Sutton has lived in Flint nearly her whole life. She says she means no disrespect to her commander in chief, President Barack Obama; she’s just following the National Flag Code, which notes the stars and stripes “should never be displayed with the union down, except as a signal of dire distress in instances of extreme danger to life or property.”
There are too many reasons why Flint is in dire distress, Sutton says. She drives her 10-year-old grandson JayShawn to a public charter school in Grand Blanc every day because too many local schools have closed, and the ones that are left are overcrowded. She worries about the water crisis, and the effect the lead will have on JayShawn’s health. She worries about the price of her property, which she bought in 2006 for $65,000.
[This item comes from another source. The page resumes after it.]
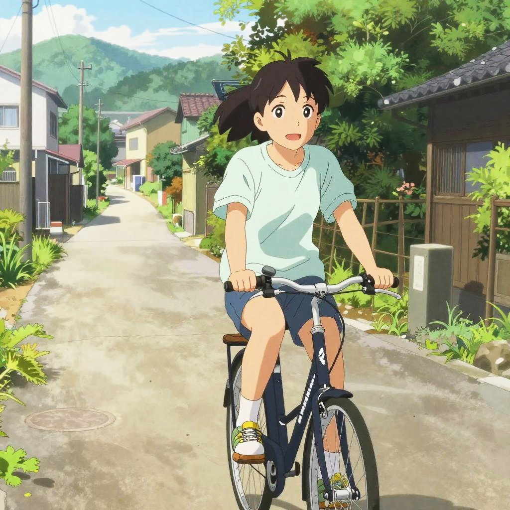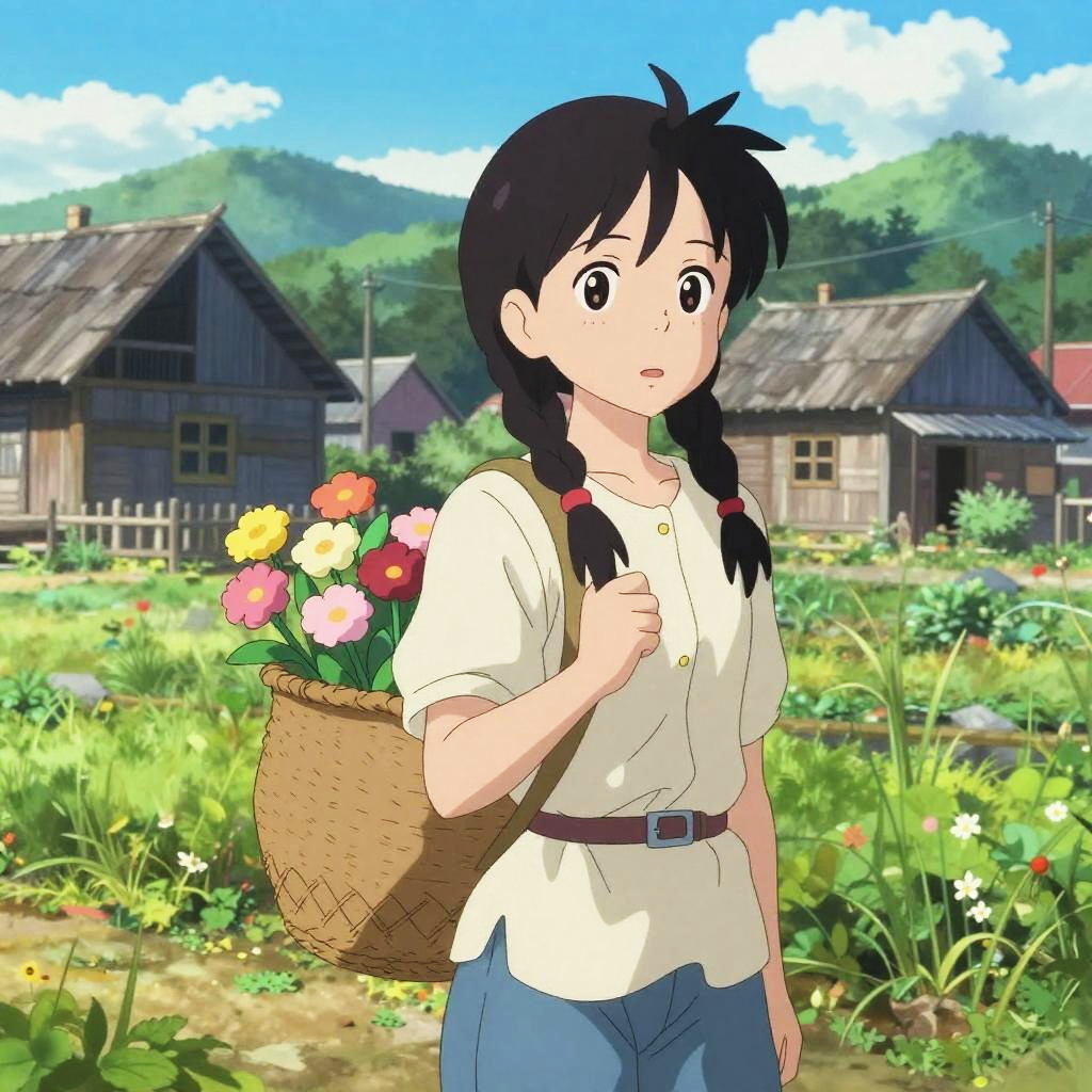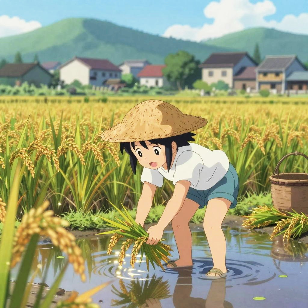 Anime village girl harvesting rice in a scenic paddy field, straw hat shading her face, water reflections shimmering, detailed and colorful rural setting, lively and cheerful mood

“Does anyone want to buy it now? No! Are you crazy?” she laughs incredulously.
And she worries about crime. Sutton’s son Jason was shot and killed outside a strip club in August 2015. She doesn’t like to talk about the details; police say his death is “being looked at as a possible justified homicide.” According to a police summary of the incident, the shooter told police he saw Jason pull out a handgun on a crowd of people before he pulled his own weapon and fired.
To Sutton, her son’s death illustrates Flint’s biggest problem: It’s a poverty-ridden city with few opportunities for the next generation.
Sutton’s sister has moved to Texas. Her brother moved to Tennessee. Everyone in her extended family, really, has left Flint. But Sutton isn’t going anywhere. She’s staying until Flint’s problems — and her flag — are righted.